Fit durch Radfahren: Idealer Sport für die ganze Familie
Wer Radfahren als regelmäßigen Freizeitsport ausübt, kann ähnlich wie durch Joggen, Schwimmen oder Walken den so genanten Zivilisationskrankheiten wie Bluthochdruck, Diabetes oder Übergewicht vorbeugen. Denn Radfahren wirkt sich positiv auf viele Körperfunktionen aus.
Es vergeht kaum ein Monat, ohne dass die Fitness- und Wellnessbranche mit neuen Ideen und Produkten aufwartet, die Gesundheit und Leistungsfähigkeit fördern sollen. Dabei vergessen viele Verbraucher, dass man sich auch ganz unaufwändig und konventionell Gutes tun kann, z. B. Fahrrad fahren. Denn Radfahren wirkt sich positiv auf viele Körperfunktionen aus, ist für fast alle Menschen geeignet und somit auch ein idealer Familiensport – besonders in der warmen Jahreszeit.
Die Natur genießen und sich dabei entspannt bewegen: Gerade beim Radfahren in der Freizeit sind nicht etwa Leistung und Tempo entscheidend, sondern die Bewegung an sich. Auch bei mäßiger Geschwindigkeit kommt es zu vertiefter Atmung und verstärkter Durchblutung. Folge: Die Organe werden besser mit Sauerstoff versorgt. Die Belastung kurbelt Herz und Kreislauf an und stärkt das Immunsystem.

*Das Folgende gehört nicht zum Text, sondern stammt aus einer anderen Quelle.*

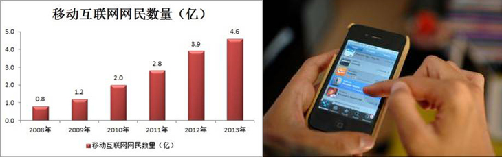 截止2013年6月,中国移动互联网网民数量达到4.6亿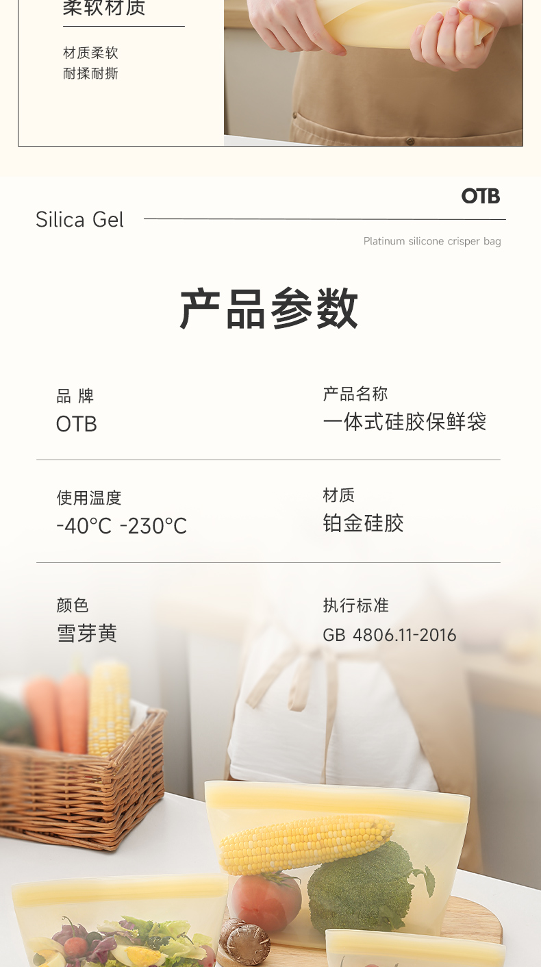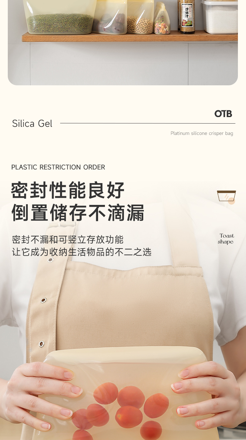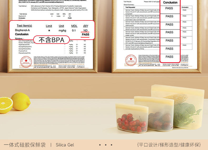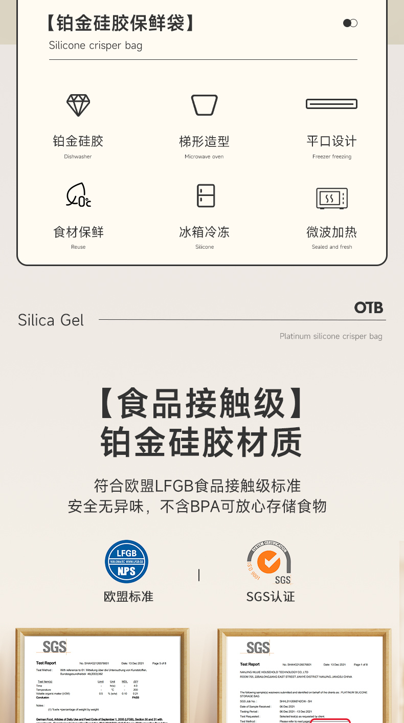 OTB铂金硅胶袋封口保鲜袋 德国LFGB食品接触标准认证

Durch die sitzende Position werden die Gelenke dabei weitaus weniger belastet, als dies beim Joggen oder Walken der Fall ist, so dass Radfahren auch für übergewichtige Menschen ideal ist. Auch wer unter arthrosebedingten Gelenkveränderungen an Hüfte oder Knien leidet, muss auf das Fahrradfahren nicht verzichten – ganz im Gegenteil: „Bei dosierter Belastung werden Gelenkknorpel und Muskulatur sogar positiv beeinflusst, so dass die Beschwerden verringert werden können“, sagt Dr. Ulrich Bartmus vom Lehrstuhl für Sportmedizin und Sporternährung der Ruhr-Universität Bochum.

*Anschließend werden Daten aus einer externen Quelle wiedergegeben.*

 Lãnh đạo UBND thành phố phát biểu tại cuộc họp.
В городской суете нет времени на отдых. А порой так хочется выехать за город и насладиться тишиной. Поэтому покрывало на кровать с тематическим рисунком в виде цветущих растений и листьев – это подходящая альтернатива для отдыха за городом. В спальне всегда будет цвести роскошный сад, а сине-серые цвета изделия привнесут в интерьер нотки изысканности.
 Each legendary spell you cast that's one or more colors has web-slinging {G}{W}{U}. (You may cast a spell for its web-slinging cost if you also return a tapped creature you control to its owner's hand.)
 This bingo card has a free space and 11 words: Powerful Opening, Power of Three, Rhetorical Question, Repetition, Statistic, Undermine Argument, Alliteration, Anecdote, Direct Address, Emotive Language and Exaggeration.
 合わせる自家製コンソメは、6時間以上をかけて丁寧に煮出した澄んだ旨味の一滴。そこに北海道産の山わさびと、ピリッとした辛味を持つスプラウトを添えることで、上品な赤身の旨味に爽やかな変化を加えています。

Wer Radfahren als regelmäßigen Freizeitsport ausübt, kann ähnlich wie durch Joggen, Schwimmen oder Walken den so genanten Zivilisationskrankheiten wie Bluthochdruck, Diabetes oder Übergewicht vorbeugen. Allerdings gilt wie bei den anderen Sportarten: Auf die Regelmäßigkeit kommt es an. Grundsätzlich gilt auch hier die Empfehlung: Drei mal 40 Minuten die Woche bringt gute Effekte, wer jeden Tag 30 Minuten radelt, erzielt die besten Erfolge. Aber Achtung: Das gilt nur bei zügigem Radeln ohne Ampelpausen oder häufiges Ausrollen lassen – wer sich so gemächlich fortbewegt, muss die Dauer deutlich erhöhen.

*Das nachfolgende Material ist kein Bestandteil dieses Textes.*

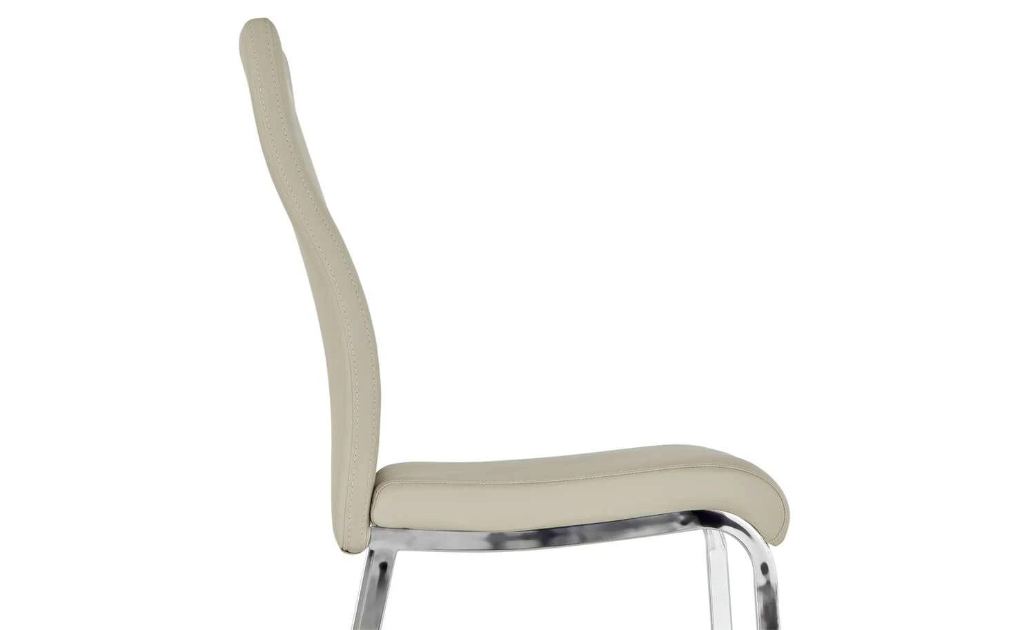 Dean ist ein bequemer Stuhl von uno. Sitz und Rücken sind mit Kaltschaum gepolstert und mit Kunstleder bezogen. Der Bezug hat einen dekorativen beigen Farbton. Er wird vom verchromten Metallgestell abgesetzt. Es sorgt gleichzeitig für einen soliden Stand.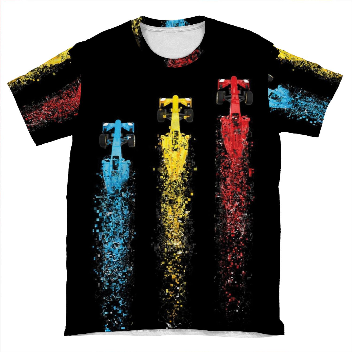 This Formula 1 Cars Racing And Disintegrating AOP T-shirt Tee created to be a versatile and stylish companion for all your casual appearances. With its uniquely textured, thick, microfiber-knit fabric, this t-shirt bears a premium, soft feel that remains lightweight and highly breathable – the perfect combo for a hot day or layering.

Radfahren ist aber auch ein idealer Familiensport: Vor allem Kinder fahren oft mit Begeisterung Fahrrad, so dass sich der Sport für die ganze Familie eignet. „Allerdings sollte man bei der Tourenplanung überlegen, welche Fahrzeiten zumutbar sind“, erklärt Dr. Bartmus. Denn gerade jüngeren Kindern kann bei mehrstündigen Fahrten schnell langweilig werden. Deshalb sollten Zwischenstopps nicht nur für die Rast zum Essen und Trinken eingeplant werden, sondern gerade auch Stellen, die für Kinder interessant sind (z.B. Abenteuerspielplatz, Tiergehege).
Bei der Suche nach dem richtigen Fahrrad sollte man sich auf jeden Fall im Fachgeschäft beraten lassen, denn bei den einzelnen Modellen gibt es erhebliche Unterschiede, abhängig davon, wo und wie das Fahrrad vorwiegend zum Einsatz kommen soll. Und auch die Einstellung von Lenker und Sitz sollte von einer Fachkraft optimal an den Körper des Fahrers angepasst werden, sonst drohen eher Schmerzen statt Entspannung. „Eine falsche Sitzposition kann schnell zu unangenehmen Beschwerden im Nacken- sowie unteren Wirbelsäulenbereich führen und einem so das Vergnügen massiv verleiden“, rät Dr. Bartmus.